While a student at Cambridge, Sterne contracted pulmonary tuberculosis from which he suffered for the rest of his life. In 1741 Sterne married Elizabeth Lumley who also suffered from tuberculosis. Elizabeth and Laurence were not compatible and the marriage was unhappy. Sterne's infidelities led to Eliza having a mental breakdown. She had several still-births, and only one child, Lydia, survived.
At the age of 46, Sterne published Tristram Shandy which was a huge popular success and brought Sterne fame and money which he greatly enjoyed.
Writing in The Irish Times in 2018 on the 250th anniversary of Sterne's death, his biographer Ian Campbell Ross observed that Tristram Shandy is a great comic novel that is stalked by death.
Sterne himself is depicted in Tristram Shandy as Parson Yorick who dies early in the novel. His epitaph is “Alas poor Yorick” and the page opposite that describing his death is a black leaf, one of several typographical conceits in the novel. Another such conceit is a page containing only a curlicued line depicting the twirling of Tristram’s walking stick.
Tristram Shandy has many of the features of the postmodern novel. It was a major influence on Joyce’s Finnegans Wake.

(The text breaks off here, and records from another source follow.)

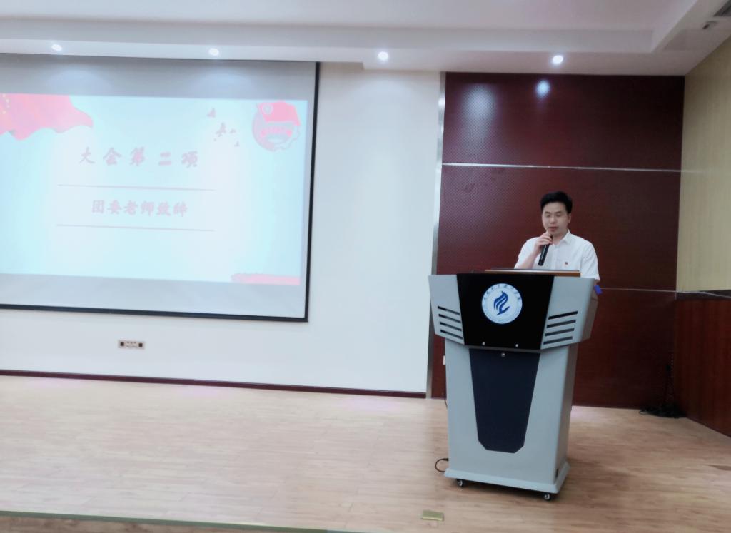 大会在庄严的国歌声中拉开了序幕。首先,喻沛杰代表校团委致辞,对人文科学系团总支过去一年开展的工作给与了高度评价,并指出,希望能再接再厉,紧紧围绕中心工作,立足本职、锐意进取、开拓创新,在思想上引领青年,在工作上服务青年、锻炼青年。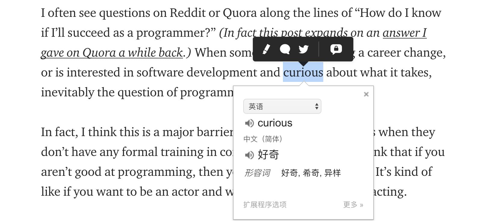 即使有了 Google 翻译,我劝大家手下留情,不要遇到英文原文就先翻译,应该尝试自己忍着读,遇到不会的单词双击看一下语义,按照自己的逻辑看完后再通篇翻译,这样做的好处就是英语功底会潜移默化地增强。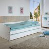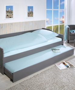 Letto singolo con secondo letto a scomparsa collocato nella parte inferiore, facilmente estraibile e pronto all’uso. Dualy è prodotto in legno massello di pino colore grigio. progettato come elemento funzionale, utile per guadagnare spazio all’interno della cameretta.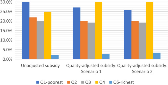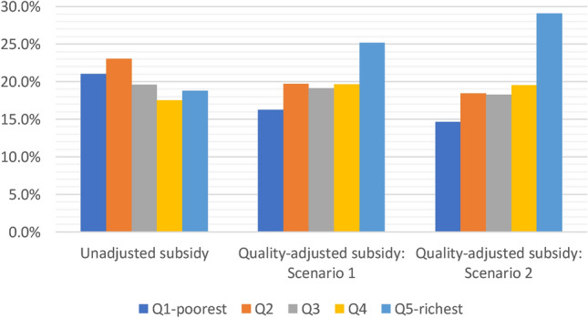 Equity in health care financing has gained increased attention in low- and middle-income countries (LMICs) following the renewed global interest in universal health coverage (UHC), a key component of the sustainable development goals (SDGs). UHC requires that people have access to the health services they need without risking financial hardship. Health financing is central to UHC and many LMICs have initiated reforms to align their health financing systems with the goals of UHC. Evaluation of the equity impact of these reforms has become a growing area of research, especially in countries with large health inequalities where the pressure to move towards UHC is most intense and the need for evidence to inform policy most critical. However, current analytical tools for evaluating equity in health financing conspicuously exclude indicators of quality, an important dimension of UHC. The aim of this paper was to address this critical methodological gap by introducing quality scores into benefit incidence analysis (BIA), one of the key techniques for assessing equity in health financing. BIA measures the extent to which different socioeconomic groups benefit from public spending on health care through their use of health services. The benefit (public subsidy) is captured in monetary terms by multiplying the quantity of a particular health service consumed by the unit cost of that service and subtracting any out-of-pocket costs incurred while using the service. It does not account for variations in the quality of health services in the computation of the public subsidy.

In 1900, Joyce spent a year in Mullingar with his father, who was employed by Westmeath County Council, then located in the courthouse at the end of Mount Street, which until the early 19th century had been called Sterne Street after an ancestor of Laurence. Joyce and his father had meals in Connellan's Bar, now Wallace's, the window of which had a sign declaring "Teas, Teas, Teas" which Joyce in Ulysses depicts in the window of a Dublin shop.
Ruth Illingworth, the historian of Mullingar, suggests that it likely that Joyce posted letters in the Victorian letterbox still intact on the wall of Wallace's pub.
Reading Tristram Shandy again, 50 years after I first read it, overlooking a street where Sterne may have walked, the words in the final volume, “Time wastes too fast, and every letter I trace tells me with what rapidity Life follows my pen”, have a sharper resonance than they had for a boy of 16.